Security Best Practices for Google Cloud
In the Google Cloud ecosystem, security is not a bolted-on feature but a foundational layer. For the Associate Cloud Engineer (ACE) exam, security revolves primarily around Identity and Access Management (IAM), resource hierarchy, and the Shared Responsibility Model. Understanding how to restrict access while enabling productivity is the core challenge of a Cloud Engineer.
The “Airport Security” Analogy
Think of Google Cloud security like an international airport:
- The Passport (Authentication): Confirms who you are (User account/Service account).
- The Boarding Pass (Authorization/IAM): Confirms where you are allowed to go (Terminal A, but not the Cockpit).
- The Security Gate (VPC Service Controls): Ensures that even with a boarding pass, you can’t carry restricted items between different zones.
- The Luggage Lock (Encryption): Ensures that if someone steals your bag, they can’t see what’s inside (Cloud KMS).
Core Concepts: Defense in Depth
Google Cloud follows the Principle of Least Privilege (PoLP). This means giving a user or service only the exact permissions they need to perform their job, and nothing more. This is achieved through:
- Resource Hierarchy: Applying policies at the Organization, Folder, Project, or Resource level. Permissions inherit downwards.
- IAM Roles: Moving away from “Primitive” roles (Owner, Editor, Viewer) toward “Predefined” roles (e.g., Storage Object Viewer).
- Service Accounts: Identities for applications rather than humans, used to interact with GCP APIs securely.
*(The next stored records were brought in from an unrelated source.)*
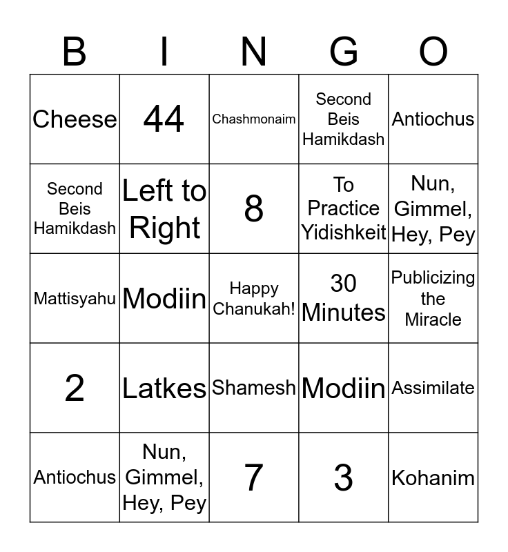 ⚠ This card has duplicate items: Chanukah (2), Mattisyahu (2), 3 (2), Left to Right (2), Nun, Gimmel, Hey, Pey (2), Shamesh (2), 8 (2), 44 (2), Antiochus (2), 2 (2), Modiin (2), Second Beis Hamikdash (2), Kohanim (2), Publicizing the Miracle (2), 30 Minutes (2), Latkes (2), Sacrificing the Pig (2)
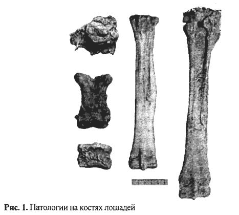 В слое V («домонгольский» период) диагностированные остатки лошадей принадлежали только взрослым животным. Две трети из них были особи в возрасте 4—10 лет. Одна треть животных забивалась уже после достижения ими 10 лет. Такое отсутствие костей молодых животных свидетельствует о прижизненной ценности лошадей и использовании их на мясо только в чрезвычайных ситуациях в результате выбраковки. Как правило, в тот период лошадь использовалась в основном под седлом для военных целей. Для перевозки грузов и в пашенном земледелии активно использовали волов и быков [Петренко 1984]. Соответственно, лошади были высокоценными животными и забивали их в случае невозможности прижизненной эксплуатации, например из-за полученных травм. О реальности таких ситуаций свидетельствуют находки нескольких целых костей конечностей и их фрагментов, в основном метаподий и фаланг с разрастаниями костных тканей в результате воспаления (рис. 1).
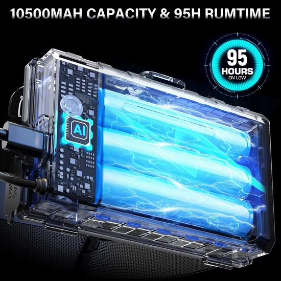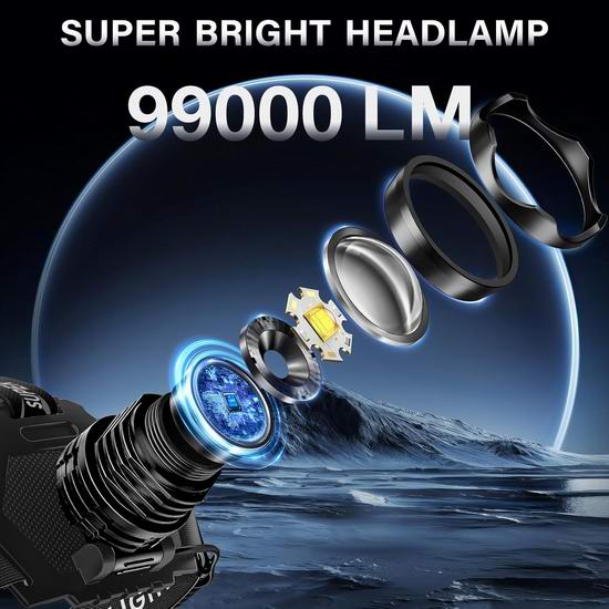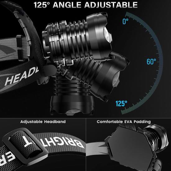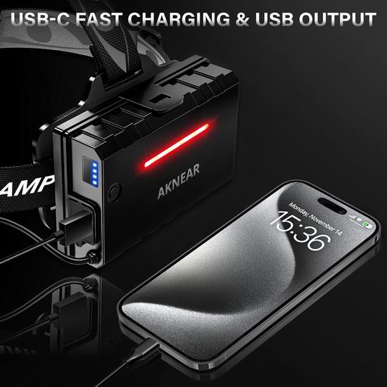 AKNEAR 头灯采用军用级铝合金制成,可承受高空跌落冲击;LED头灯具备暴雨防水等级,可在各种恶劣天气条件下正常工作。采用超亮 XH-P90.8 芯片,照明距离可达1680米,10分钟后自动开启节能模式,灯泡寿命长达10万小时。具有泛光和聚光两种模式,两种模式下均有 5 种亮度模式:高/中/低/频闪/SOS。LED 头灯电池盒还带有红色背光功能(常亮/闪烁),可在夜间警示后方人员。头灯角度可在0°至125°范围内调节,让您拥有全方位视野。内置10500mAh大容量可充电电池,附带 USB-C 快速充电线,充电时间仅需3-4小时,高亮度模式续航约8-10小时,低亮度模式续航超过65小时,待机时间可达95小时以上。内置USB电源输出口,可在紧急情况下用作移动电源为手机或其他设备充电。头灯电量显示为 25%/50%/75%/100%,通过电量显示可以更直观地查看充电状态和剩余电量。

Comparison: IAM Role Types
| Role Type | Granularity | Best Use Case | ACE Exam Consideration |
|---|---|---|---|
| Primitive | Coarse (Project-wide) | Development/Sandbox only. | Avoid in production; too much permission. |
| Predefined | Fine-grained (Service-specific) | Standard production tasks. | The “Correct” answer for most scenarios. |
| Custom | Ultra-fine (Permission-specific) | When Predefined roles are still too broad. | Requires maintenance; don’t use if Predefined exists. |
Scenario-Based Decision Matrix
| If the requirement is… | Then use… |
|---|---|
| Granting a developer access to only one specific GCS bucket | IAM Policy Binding at the Resource level. |
| An application on GCE needs to upload files to Cloud Storage | A Service Account with roles/storage.objectCreator. |
| Preventing any project in the org from having public IP addresses | Organization Policy constraints. |
| Auditing who did what and when in a project | Cloud Audit Logs (Admin Activity and Data Access). |
Exam Tips: Golden Nuggets
- Inheritance is Key: If a user is an “Editor” at the Folder level, you cannot “deny” that permission at the Project level. Permissions are additive.
- Never use Service Account Keys in code: Use Application Default Credentials (ADC) or attach the Service Account to the resource (VM/Function).
- The “Least Privilege” Rule: If an exam question offers “Owner” and “Storage Object Admin,” and the user only needs to manage files, “Storage Object Admin” is the correct choice.
- Audit Logs: Admin Activity logs are always on (free); Data Access logs must be manually enabled (cost associated).
Visualizing GCP Security Architecture
Layers of Protection & Identity Flow
The request flow: Identity -> IAM Check (Roles/Permissions) -> Access to Resource Hierarchy
Key GCP Services
- Cloud IAM: Identity management.
- Identity-Aware Proxy (IAP): Access apps without VPNs.
- Cloud KMS: Manage encryption keys.
- Cloud Armor: WAF and DDoS protection.
Common Pitfalls
- Using Primitive Roles in production.
- Leaving Default Service Accounts with Editor access.
- Storing JSON keys in GitHub repositories.
- Ignoring Firewall Rules (0.0.0.0/0).
Quick Patterns
- Shared VPC: Centralize network security.
- Bastion Host: Secure SSH access to private VMs.
- Workload Identity: Link GKE pods to IAM.